Modeling the human voice is a daunting challenge.
Ever since Yamaha introduced the VL1 in 1994, the importance of physical modeling as a synthesis and signal-processing paradigm has continued to grow. This technique requires lots of computational power to re-create the sound of most acoustic instruments, but it's relatively simple compared with modeling the human voice. Wind and string instruments all have fixed dimensions and constant acoustic properties, with the exception of changing the length of a vibrating string or air column. By contrast, the human vocal tract changes size, shape, and stiffness continuously and dynamically, making an accurate mathematical description almost impossible.
A more manageable approach is to analyze the acoustic properties of vocal sound and use this information to modify certain aspects of that sound. TC Helicon (www.tc-helicon.com), a joint venture of IVL Technologies and TC Electronic, is using this method to develop tools for people who work with the singing and speaking voice.
The first step is to understand the characteristics of various types of singers and styles of music. According to Brian Gibson, chief technical officer at IVL, "We look at things that happen in the resonant structures of the vocal tract as people sing higher and lower. We also look at different effects in the glottis [see Fig. 1], such as vibrato and trilling." In addition, the team does perceptual studies to determine which acoustic features of various vocal sounds make an identifiable difference to the average listener.
Even though TC Helicon is not trying to model the actual physics of the singing voice, the task is daunting enough. For example, most people think of vibrato as simple pitch modulation, but vocal vibrato is much more complex: it involves modulation of pitch, amplitude, resonance, phase, and other aspects of the sound. These patterns are very difficult to simulate, but without them it's immediately apparent that the vocal sound is not natural.
The result of all this analysis is a set of more than 100 parameters applied to an input signal in near - real time. The signal is dissected into various elements, such as voiced (periodic) and unvoiced (aperiodic noise) components. These elements are then modified according to the model parameters and resynthesized, all within 15 or 20 ms.

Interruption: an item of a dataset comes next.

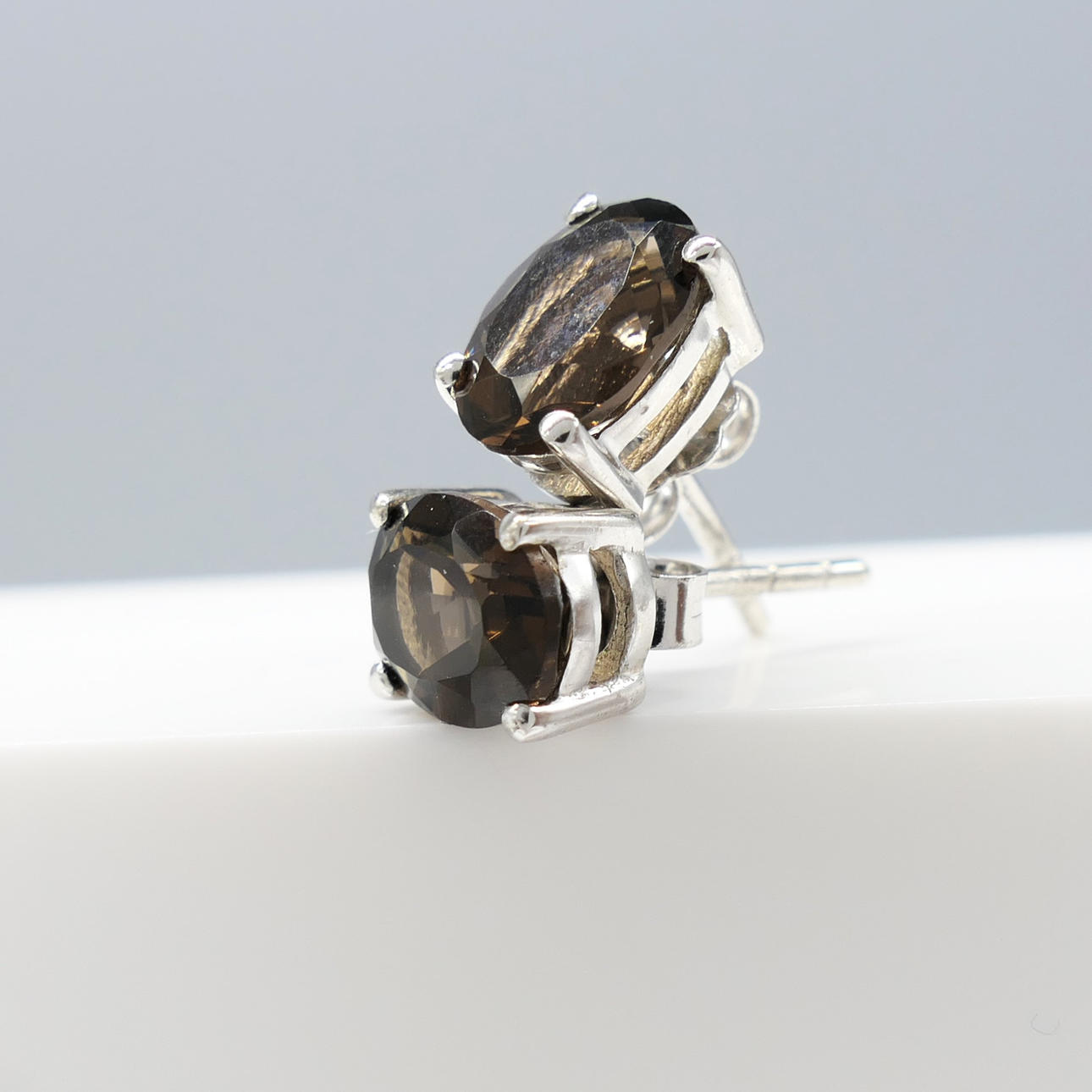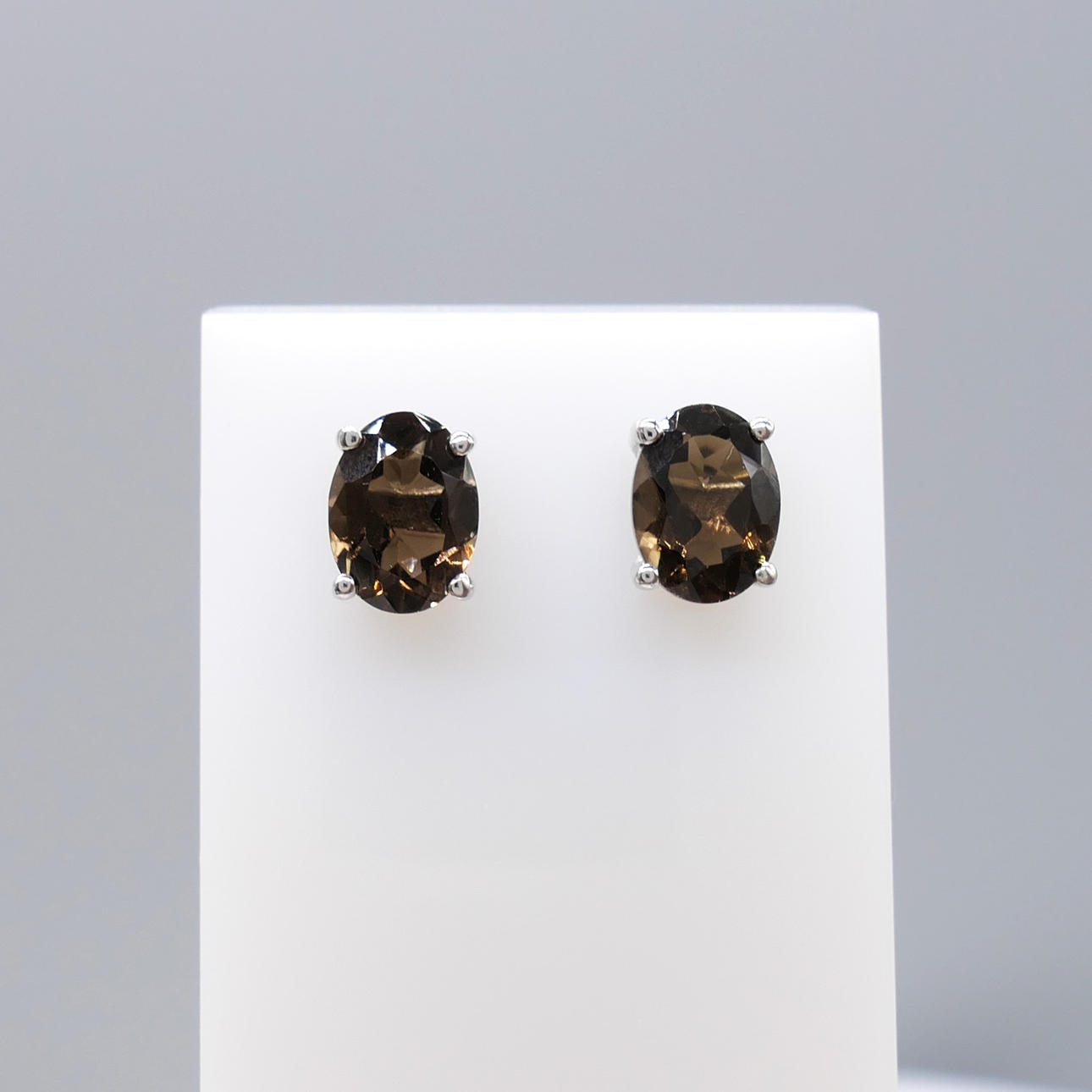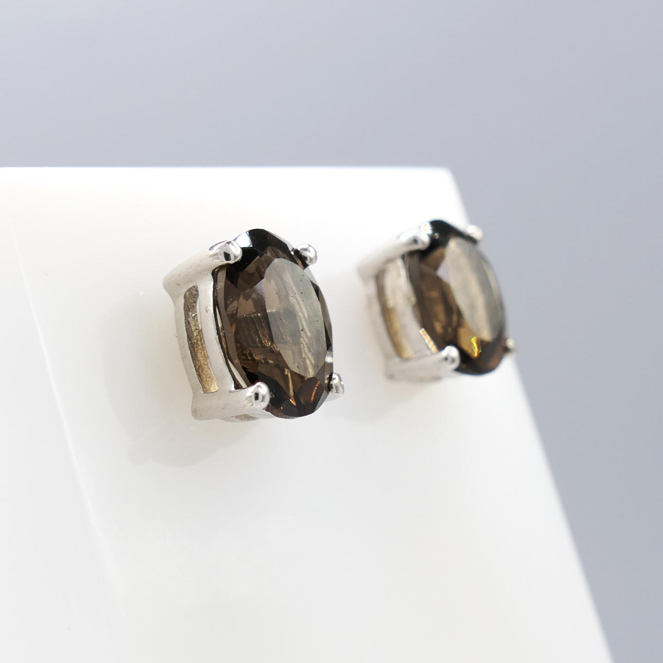 Gemstones: natural smoky quartz; 2 x oval cut; 1.50 carats total approx; greyish hazel brown tone

The first commercial product to use this research is the VoiceCraft plug-in card for the VoicePrism pitch and formant processor. The card - which should be shipping in March 2001 - is a monophonic lead-vocal processor that uses a Motorola DSP56362 chip running at 100 MIPS. (The rest of the unit provides four conventional harmony voices and various effects.) The preset models let you select, among other things, the type of sound, musical style, and gender of the output. For example, you can give your voice that popular raspy quality without the physical damage caused by actually singing that way. Also, the VoiceCraft can subtly enhance your vocal quality - giving it more resonance, say, or more body in the upper range. Using the model to improve such deficiencies goes beyond static equalization because the precise effect depends on the frequency and other vocal parameters.
Of course, nothing beats improving your technique, but in the meantime this technology can really help. It also lets you create timbral variations you might not be able to achieve naturally.
Other possible applications include speech in addition to singing. For example, one individual could provide many different voices for commercial voice-overs. The potential of this technology is vast, befitting any activity that makes use of the human voice. I look forward to trying it out and following its development in the future.